The Thoracic Mini Oral Competition opened with a paper on genetic mutations found in malignant pleural mesothelioma.
David S. Schrump, MD, presented a study that he and his colleagues performed to examine the ability of a human Double Minute-2 inhibitor (RG7388) to affect malignant pleural mesothelioma cells in vitro and in vivo.
Dr. Schrump, of the National Cancer Institute, Bethesda, Md., discussed how, in contrast to many other human cancers, malignant pleural mesotheliomas (MPM) rarely exhibit p53 mutations. In these neoplasms, p53 signaling is frequently dysregulated by over-expression of the p53 target gene Human Double Minute 2 (HDM2) – the human homologue of Murine Double Minute 2 (MDM2) which encodes a negative regulator of p53 transcriptional activity and stability. This is problematic, as therapeutic drugs that activate p53 signaling (such as mithramycin (MM), a repurposed chemotherapeutic agent currently in clinical trials) have the potential to trigger p53-mediated G0/G1 arrest, senescence, and apoptosis of MPM cells in vitro and in vivo.
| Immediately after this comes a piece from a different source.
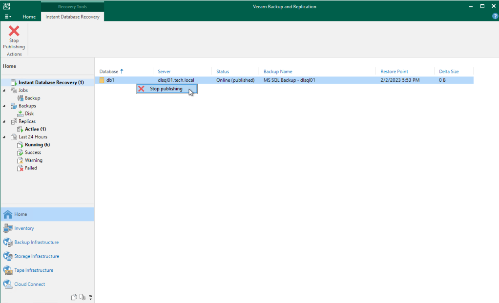 Go to Veeam Backup & Replication console, navigate to Home > Disk (Instant Recovery), right-click the stuck instant recovery session, and select Stop publishing.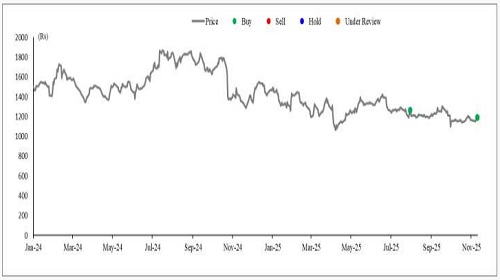 KPIT aims to expand into adjacencies such as off-highway, industrial, defense, and micro-mobility segments, while continuing to invest in AI-led solutioning and next-gen mobility technologies to sustain long-term profitable growth. H2FY26 is expected to perform better, driven by improved demand and execution compared to H1FY26, with a more favorable outlook from FY27 onwards. The company is valued at 35x P/E multiple on FY27E earnings, leading to a TP of Rs 1,350/share, implying an upside of 14% from the CMP. We maintain a BUY rating on the stock.

Dr. Schrump and his colleagues initiated their study in order to determine if RG7388 (Idasanutlin; RG), a pharmacologic inhibitor of HDM2-p53 interaction could enhance the potential efficacy of MM for mesothelioma therapy.
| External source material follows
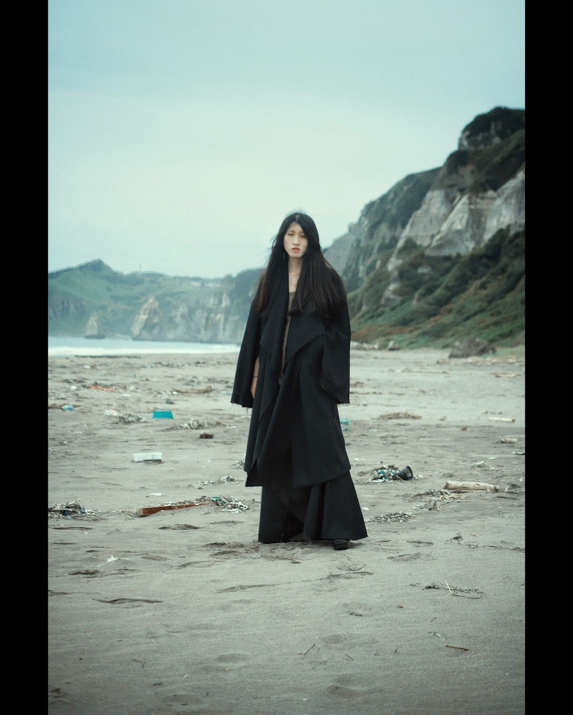 Likewise, the right front panel is also double-layered with wool and linen, finished with raw edges.

They used Affymetrix micro-arrays, qRT-PCR, immunoblot, and immunofluorescence techniques to examine expression levels of p53, HDM2, and related genes/proteins regulating senescence, autophagy and apoptosis in MPM cells and xenografts following treatment with MM, RG, or sequential MM/RG. In addition, MTT, immunohistochemistry, immunoblot, and ApoBrdu techniques were used to examine viability and apoptosis in cultured cells and xenografts.
Dr. Schrump and his colleagues found that, under exposure conditions potentially achievable in clinical settings, MM markedly upregulated HDM2 expression in cultured MPM cells and xenografts with wild type (wt)-p53 . This coincided with a senescent and autophagic phenotype as evidenced by upregulation of HDM2, CDKN1A (p21), and MAPLC3B, downregulation of EZH2, SP1/MTOR, and ATG10, induction of LC3 puncta proteins and p-AMPK, and depletion of p-S6 kinase.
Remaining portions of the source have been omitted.